The given linear equations are 

$$\begin{gathered} x+\frac{y}{3}=-1 \\ \frac{x}{3}+\frac{y}{2}=1 \end{gathered}$$

To calculate the value of $y$, we have to eliminate the $x\text{'}s$ term. For which we will do the following changes in the equation, so that $x\text{'}s$ term can be easily eliminated.
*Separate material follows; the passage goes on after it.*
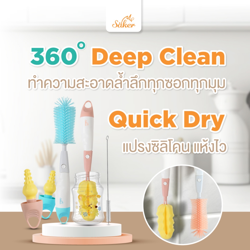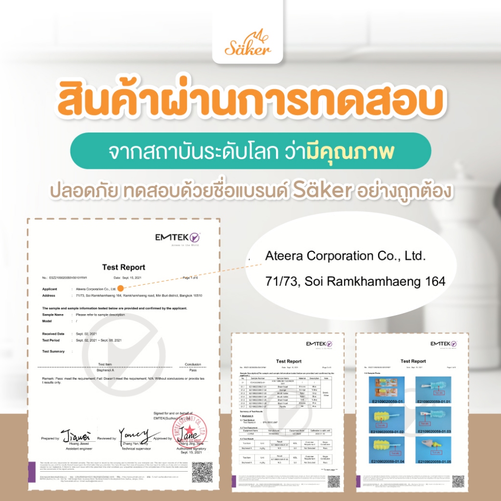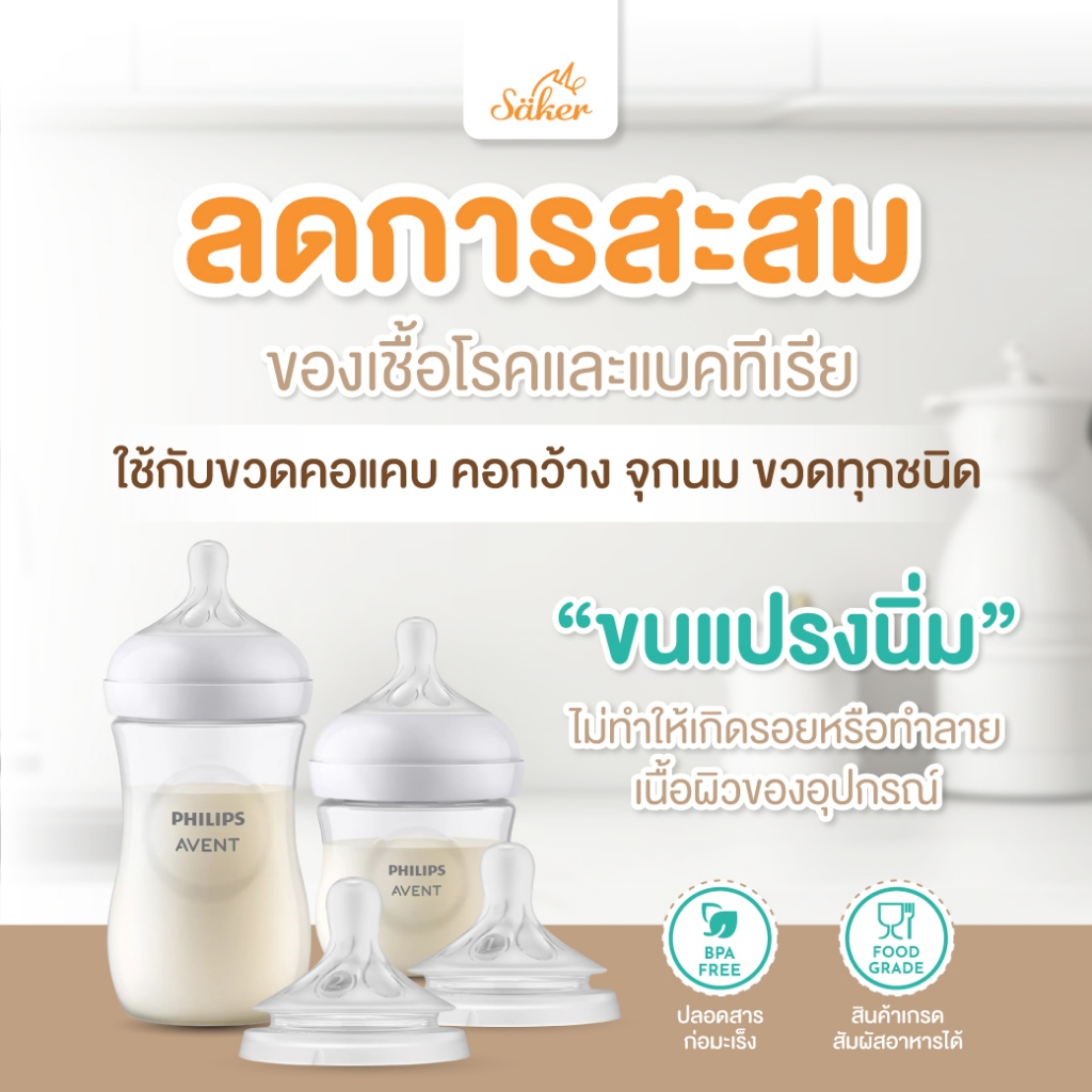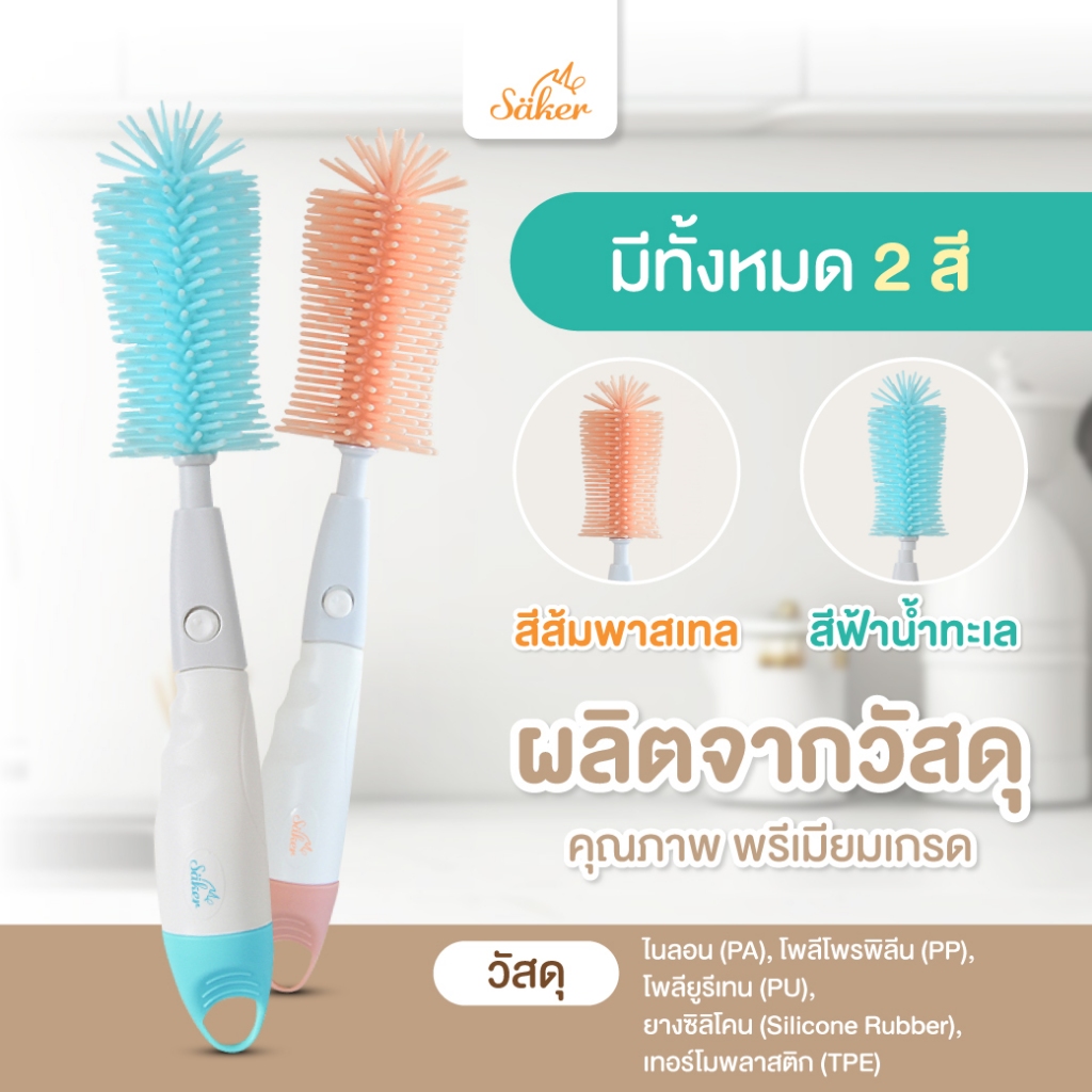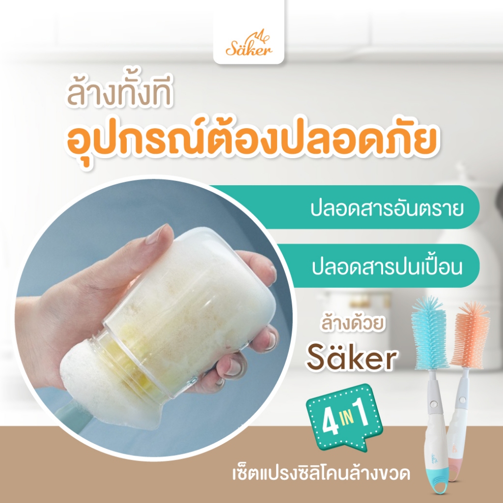 ... ใบเซอร์ติฟิเคทจากสถาบันระดับโลก ยืนยัน ว่าสินค้าปลอดสารพิษ ปลอดสารก่อมะเร็ง ไม่มีสารปนเปื้อนที่เป็นอันตราย 👍 [มีใบเซอร์]ลด50% ซื้อ1ได้ถึง4 Saker เซ็ตแปรงซิลิโคนล้างขวด [มีผลการทดสอบว่าปลอดสารก่อมะเร็ง] ล้างได้ทั่วถึง ทุกซอกมุม หัวแปรงเป็นวัสดุซิลิโคนนุ่มพิเศษ ไม่ทำให้วัสดุที่ล้างเกิดรอยขีดข่วน ครบชุด ชุดใหญ่ ซื้อชุดนี้ไม่ต้องซื้ออะไรเพิ่มค่ะ 👍มีผลการทดสอบจากสถาบันระดับโลก[มีใบเซอร์] ตรงชื่อแบรนด์Saker และ ระบะที่อยู่ในไทยอย่างถูกต้อง 100% 🍼 ล้างยังไงให้ปลอดสารปนเปื้อน ปลอดสารก่อมะเร็ง ? ล้างด้วย Säker แปรงล้างพรีเมี่ยมเกรด ไฮควอลิตี้ ปลอดสารก่อมะเร็ง [BPA FREE] ปลอดสารปนเปื้อน 👉 ซื้อ1ได้ถึง4 ครบชุด ชุดใหญ่ ซื้อชุดนี้คุ้มค่ามาก ได้เยอะขนาดนี้ เกรดพรีเมี่ยมขนาดนี้ หาราคาแบบนี้ที่ไหนไม่ได้แน่นอนค่ะ “ เกรดที่มีใบเซอร์ติฟิเคทยืนยัน “ สินค้าผ่านการทดสอบจากสถาบันระดับโลก ในใบระบุชื่อแบรนด์ Säker ชัดเจน และ ระบุที่อยู่บริษัทในประเทศไทยอย่างถูกต้อง ล้างทั้งทีอุปกรณ์ต้องปลอดภัย ✔️ ปลอดสารอันตราย ✔️ ปลอดสารปนเปื้อน ล้างด้วย Säker แปรงล้าง 4in1 ฟังก์ชั่นจุดเด่นการทำงาน ✅ Liquid Silicone Rubber (LSR) วัสดุซิลิโคนได้มาตรฐานมีความยืดหยุ่นทนทานสูง ✅ BPA FREE ปลอดสารก่อมะเร็ง ✅ Food Grade วัสดุคุณภาพ ปลอดภัย สัมผัสอาหารได้ ✅ 360° Deep Clean ทำความสะอาดล้ำลึกทุกซอกทุกมุม ✅ Quick Dry แปรงซิลิโคนแห้งไว ✅ Bacterial Reduction ลดการสะสมของเชื้อโรคและแบคทีเรีย ✅ Perfect for any size ใช้กับขวดคอแคบ / คอกว้างได้ ✅ Soft Brush ขนแปรงนิ่มไม่ทำให้เกิดรอยหรือทำลายเนื้อวัสดุผิวของอุปกรณ์ ✅ Easy to use ใช้งานง่าย ประหยัดเนื้อที่ ✅ Environment Friendly เป็นมิตรกับสิ่งแวดล้อม รายละเอียดสินค้า ชื่อสินค้า: 4 in 1 Brush Cleaner Set เซ็ตแปรงซิลิโคนล้างขวด แบรนด์: Säker วัสดุ: ไนลอน (PA), โพลีโพรพิลีน (PP), โพลียูรีเทน (PU), ยางซิลิโคน (Silicone Rubber), เทอร์โมพลาสติก (TPE) ขนาดบรรจุภัณฑ์: 130 x 360 มม. มีทั้งหมด 2 ✴️ Peach ส้มพาสเทล ✴️ Aqua เขียวน้ำทะเล หัวแปรงและด้ามจับ ขนาดดังต่อไปนี้ ✅ ที่ล้างจุกนม 3D ขนาด กว้าง 33 มม. ยาว 90 มม. ✅ แปรงล้างหลอด ขนาด ยาว 170 มม. ✅ แปรงซิลิโคน ขนาด กว้าง 50 มม. ยาว 295 มม. ✅ แปรงฟองน้ำ 4 หยัก ขนาด กว้าง 60 มม. ยาว 170 มม. Säker 4 in 1 Brush Cleaner Set เซ็ตแปรงซิลิโคนล้างขวด ✔️ มั่นใจแค่ไหนว่าฟองน้ำที่คุณใช้อยู่ล้างขวดนมของลูกน้อยได้ลึกและสะอาดจริง อย่าปล่อยให้คราบแบคทีเรียที่หลบตามมุมขอบของขวดนม 🍼 เป็นหนึ่งในสาเหตุที่ทำร้ายลูกน้อยของคุณให้ป่วยได้ จัดการปัญหาเหล่านี้ด้วย 👉 เซ็ตแปรงซิลิโคนล้างขวด Säker 4 in 1 Brush Cleaner Set ล้างได้ทั่วถึงทุกอุปกรณ์ของลูกน้อย ทำความสะอาดได้ล้ำลึกทุกซอกทุกมุม ในเซ็ตมีหัวแปรงมาให้ถึง 4 หัว ไม่ว่าจะทำ

1) Multiply the second equation by -3

$$\begin{gathered} -3(\frac{x}{3}+\frac{y}{2}=1) \\ -x-\frac{3}{2}y=-3 \end{gathered}$$

2) now, the equations are 

$$\begin{gathered} x+\frac{y}{3}=-1 \\ -x-\frac{3}{2}y=-3 \end{gathered}$$

just add the above $2$ equations.

$x+\frac{y}{3}=-1-x-\frac{3}{2}y=-3-\frac{7}{6}y=-4$

        $$\begin{gathered} \frac{7}{6}y=4 \\ y=\frac{24}{7} \end{gathered}$$

As we have the value of $y$ now, we can use this value to calculate the value of $x$

We will put the value of $y$ in any equation and then calculate the value of $x$.

Let us take the equation

$x+\frac{y}{3}=-1$

put $y=\frac{24}{7}$

$$\begin{gathered} x+\frac{24}{21}=-1 \\ x+\frac{8}{7}=-1 \\ x=-1-\frac{8}{7} \\ x=-\frac{15}{7} \end{gathered}$$

The solution of the above linear equation is $\left(\frac{-15}{7},\frac{24}{7}\right)$

Checking the solution by putting the value of $x,y$ in the equation, we get

$$\begin{gathered} \begin{array}{l}x+\frac{1}{3}y=-1\\ -\frac{15}{7}+\frac{1}{3}\left(\frac{24}{7}\right)=-1\\ -\frac{15}{7}+\frac{8}{7}=-1\\ \frac{-15+8}{7}=-1\end{array} \\ \frac{-7}{7}=-1 \\ -1=-1 \\ \begin{array}{l}\frac{1}{3}x+\frac{1}{2}y=1\\ \frac{1}{3}\left(\frac{-15}{7}\right)+\frac{1}{2}\left(\frac{24}{7}\right)=1\\ -\frac{5}{7}+\frac{12}{7}=1\\ \frac{-5+12}{7}=1\end{array} \\ \frac{7}{7}=1 \\ 1=1 \end{gathered}$$

This is true, hence the solution is correct.